**EXERCISE GOAL:** Set down all of the entries word for word, omitting the images they contain.

**DATA TO EXAMINE:**
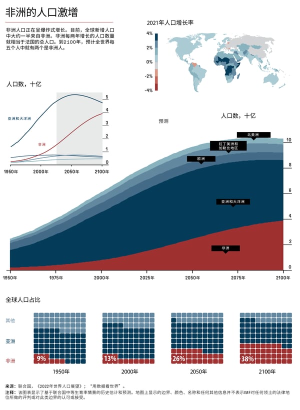 联合国预计,到2050年,非洲人口将接近25亿。这一数字表明,届时全球超过25%的人口都将是非洲人。此后,非洲的人口增速将会放缓,但仍将是世界人口增长最主要的来源:到本世纪末,非洲占世界人口的比例将接近40%。
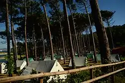 During the summer, daily boats link Cíes with the ports of Vigo, Baiona and Cangas, and Ons with Portonovo, Sanxenxo, Bueu, Marín and Pontevedra. Daily affluence is limited and all visitors are required to previously book an authorization request from the Galician Government.[17] In Cíes there is a camping area but permissions have to be reserved at the Vigo port. Access to Salvora and Cortegada is more restricted, requiring organized visits.[18] There are no waste bins on the islands. Visitors are required to take their litter back to the mainland.
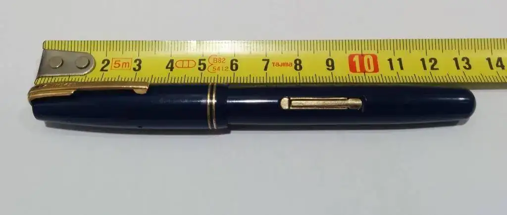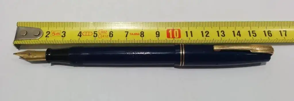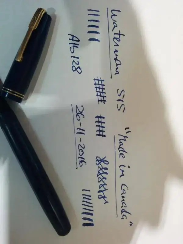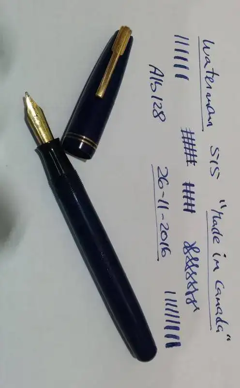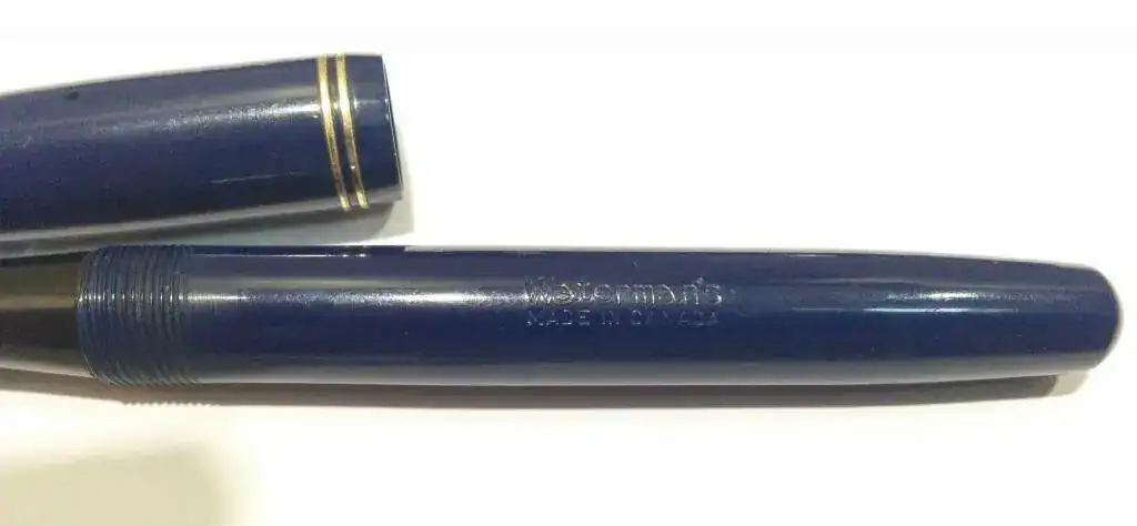 Hola, ponga a la venta esta waterman "made in canada". Cuando se fabricaba en Inglaterra se llamaba 515 y en America W5. Color azul marino (en la ultima foto se aprecia mejor el color real, en las otras el movil lo cambia bastante, pero el real es azul marino). Es de los años 1940-1950. Plumin del nº5 de oro punto M muy jugoso (lleva inscrito waterman´s ideal 14k canada y en un lateral F.D.W. que son las iniciales del fundador de wateman). En el lateral lleva la incripción claramente visible waterman´s canada y el sistema de carga es por palanca (tiene el saco recien cambiado). Los dorados estan bastante bien conservados y solo tiene microrayazos normales debido a su edad.
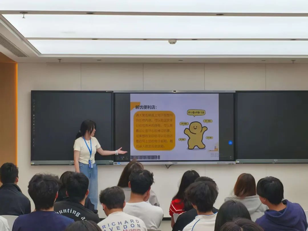 结尾由主持人黄宇彬总结此次非日常交流会的目的,并结合主题进行升华。接着成员们进行了解忧便利店的活动,并写下需要解答的困惑或分享的内容及想倾诉的情绪也可以通过3396034690@qq.com解忧便利店邮箱进行投稿。最后我们以一张合影来结束此次活动。
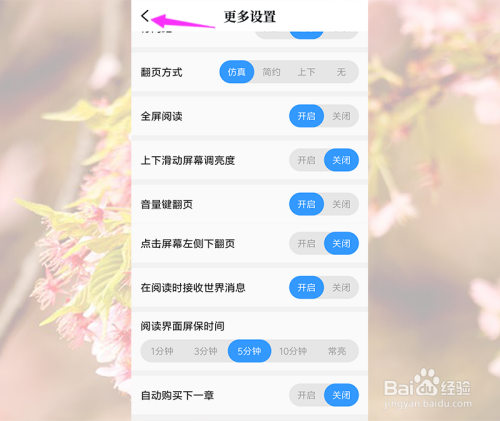 然后在更多设置里面下拉找到主动采办下一章,封闭后面的开关

**ANSWER BOX:**
 联合国预计,到2050年,非洲人口将接近25亿。这一数字表明,届时全球超过25%的人口都将是非洲人。此后,非洲的人口增速将会放缓,但仍将是世界人口增长最主要的来源:到本世纪末,非洲占世界人口的比例将接近40%。
 During the summer, daily boats link Cíes with the ports of Vigo, Baiona and Cangas, and Ons with Portonovo, Sanxenxo, Bueu, Marín and Pontevedra. Daily affluence is limited and all visitors are required to previously book an authorization request from the Galician Government.[17] In Cíes there is a camping area but permissions have to be reserved at the Vigo port. Access to Salvora and Cortegada is more restricted, requiring organized visits.[18] There are no waste bins on the islands. Visitors are required to take their litter back to the mainland.
 Hola, ponga a la venta esta waterman "made in canada". Cuando se fabricaba en Inglaterra se llamaba 515 y en America W5. Color azul marino (en la ultima foto se aprecia mejor el color real, en las otras el movil lo cambia bastante, pero el real es azul marino). Es de los años 1940-1950. Plumin del nº5 de oro punto M muy jugoso (lleva inscrito waterman´s ideal 14k canada y en un lateral F.D.W. que son las iniciales del fundador de wateman). En el lateral lleva la incripción claramente visible waterman´s canada y el sistema de carga es por palanca (tiene el saco recien cambiado). Los dorados estan bastante bien conservados y solo tiene microrayazos normales debido a su edad.
 结尾由主持人黄宇彬总结此次非日常交流会的目的,并结合主题进行升华。接着成员们进行了解忧便利店的活动,并写下需要解答的困惑或分享的内容及想倾诉的情绪也可以通过3396034690@qq.com解忧便利店邮箱进行投稿。最后我们以一张合影来结束此次活动。
 然后在更多设置里面下拉找到主动采办下一章,封闭后面的开关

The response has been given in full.